One solution to the problem is to increase the size of the RID pool, but that may only temporarily suppress failures; worse, it may have no impact at all. A better solution is to identify queries that rely heavily on the RID pool by using DB2 traces or an online monitor. Each query needs to justify its RID pool use by fetching through to the end of the entire result set. Any queries not passing this test need to turn off heroic access paths that use the RID pool by adding either the OPTIMIZE FOR n ROWS or the FETCH FIRST n ROWS ONLY clause to the end of the query. DB2 10 will provide relief from these failures by utilizing external work files for the overflow, thus masking the need to analyze.
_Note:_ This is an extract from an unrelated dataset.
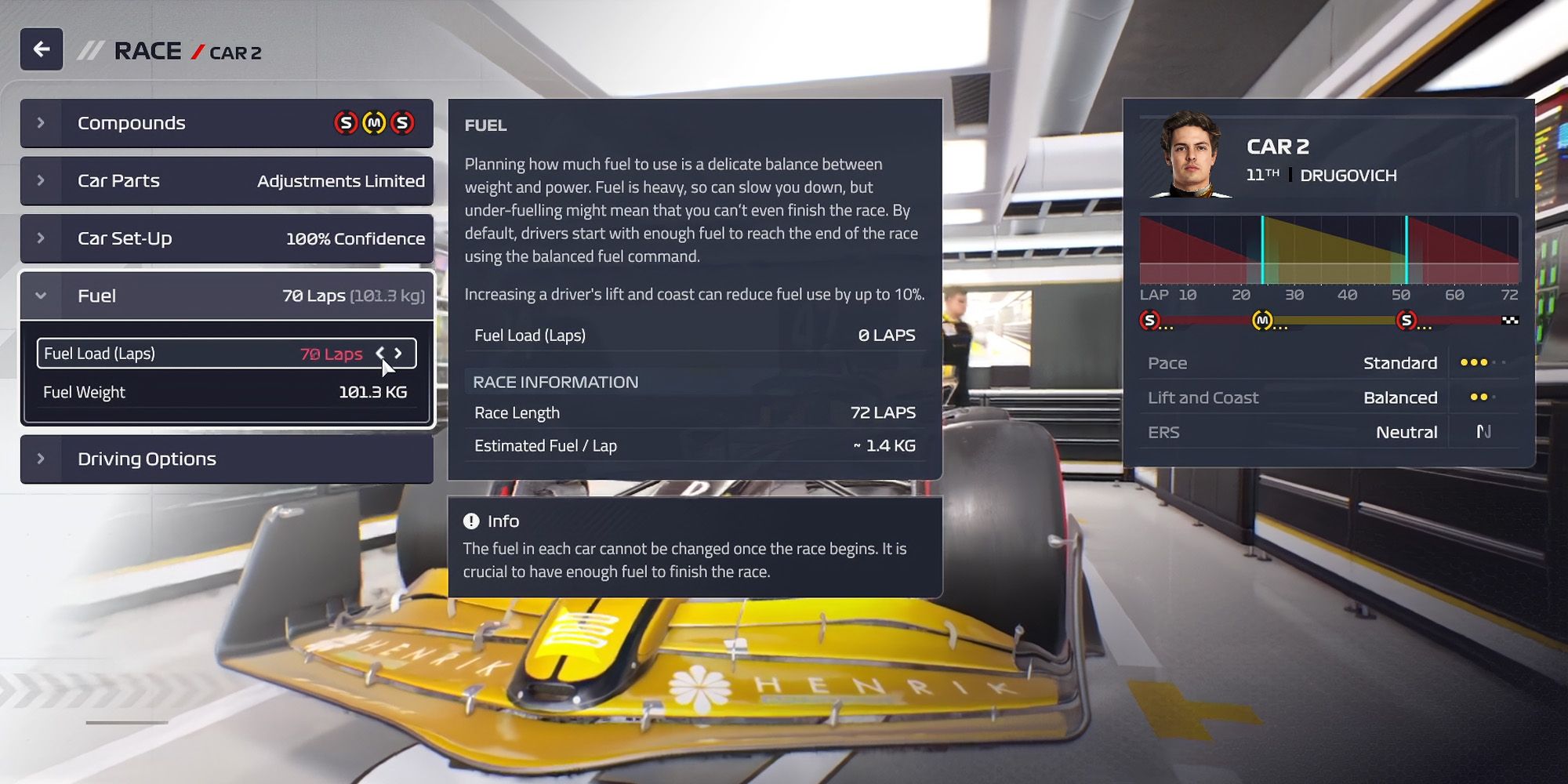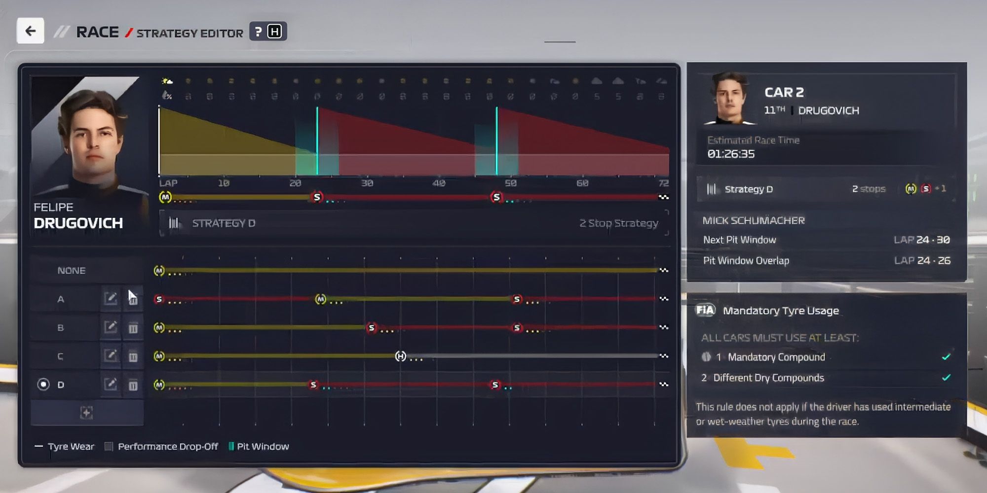 Последний стратегический компонент, о котором игрокам следует знать, — это параметры драйвера. Это повлияет на различные аспекты автомобиля, такие как топливо и шины. Как упоминалось ранее, водителю можно приказать толкнуть либо шины, либо двигатель. Повышенная атака на шины приведет к их более быстрому износу, но значительно сократит время прохождения круга. Лучше всего использовать эти более агрессивные режимы, когда вы преследуете другую машину вплотную или пытаетесь прорваться или попасть в зону действия DRS.

However, it is best to find and resolve such issues before migrating to DB2 10, or you will have work file madness.
Figure 4: A program with Hybrid Join – Type N access path gets 61 RID pool failures between 12 p.m. and 1 p.m.
4. Neutralize frozen or poorly performing SQL
Frozen SQL is SQL embedded in a purchased application that cannot be touched. The queries inside frozen SQL sometimes do not follow any performance guidelines and you are stuck with them. You need these queries to execute using as few resources as possible. For example, WHERE DATE(col_TS) BETWEEN :date1 AND :date2 is a Stage 2/Residual condition. This predicate should be rewritten to WHERE col_TS BETWEEN TIMESTAMP(:date1, ‘00:00:00’) AND TIMESTAMP(:date2, ’59:59:99’), which is indexable Stage 1/Sargable. But you are forbidden to make that change.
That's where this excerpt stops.